The company said it is focused on creating sustained profitability in overseas business through improvements in aluminum and steel sectors, expected to materialize in the next 12-18 months. Looking ahead to Q4 and FY25, the company expects moderate growth in both domestic and export markets but aims to outperform the market due to its diversified business mix.
Overseas Business
The company said its North American CV business remained marginally positive, with steady Class 8 build rates, inventory levels, and sales. European CV performance was subdued due to a patchy economic recovery. Despite a decline in European markets, US CV revenues increased in the quarter. The PV business achieved a robust 34% YoY growth in 9MFY24, focusing on tapping new customers and enhancing engagement in various geographies.
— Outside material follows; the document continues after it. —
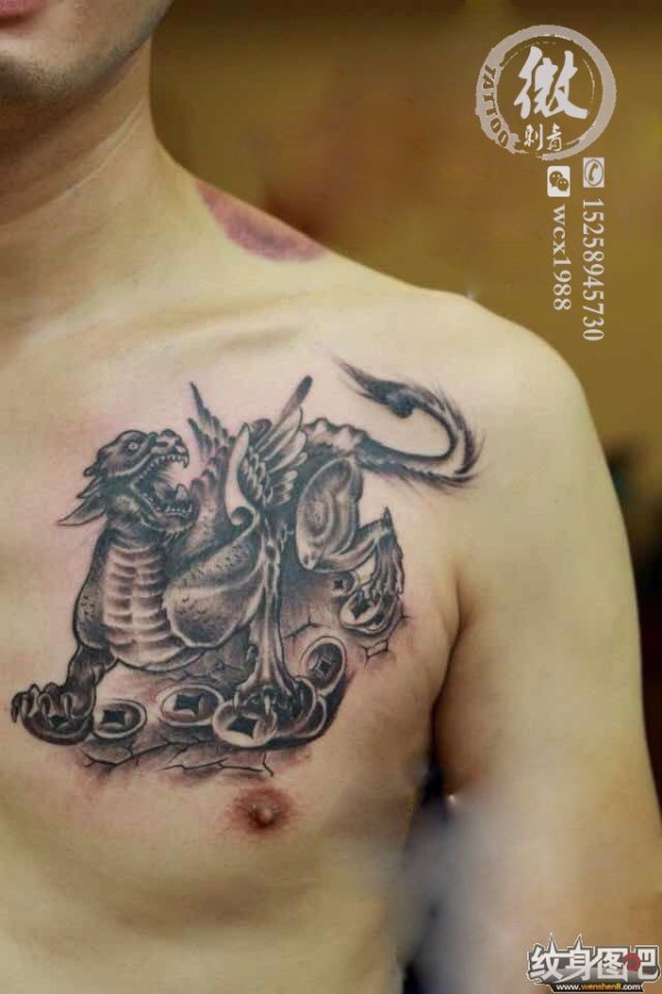 纹身图案胸部男 简洁大方的男生胸部纹身图案

The Industrial business thrived, growing 35% YoY for 9MFY24, driven by new products and increased engagements with existing clients, particularly in Mining & Construction and Aerospace. These promising new verticals inspire ongoing efforts to explore new markets and customers, with a focus on building relationships in Construction & Mining, Railways, Agri equipment, Aerospace, and more, it added.
Domestic business
The India CV business achieved a 9% YoY growth in 9MFY24, aligning with overall market growth. The sector’s long-term trajectory is supported by government capex and infrastructure development. In the India PV business, growth is anticipated through premiumization and the shift towards Utility Vehicles, driven by the expanding middle class and higher disposable income. The Industrial segment performed positively, with stellar YoY results attributed to component supply to KSSL. Infrastructure spend and rising private capex are expected to sustain demand. However, this quarter saw a decline in sales to the Agri sector and the Construction & Mining space, it added.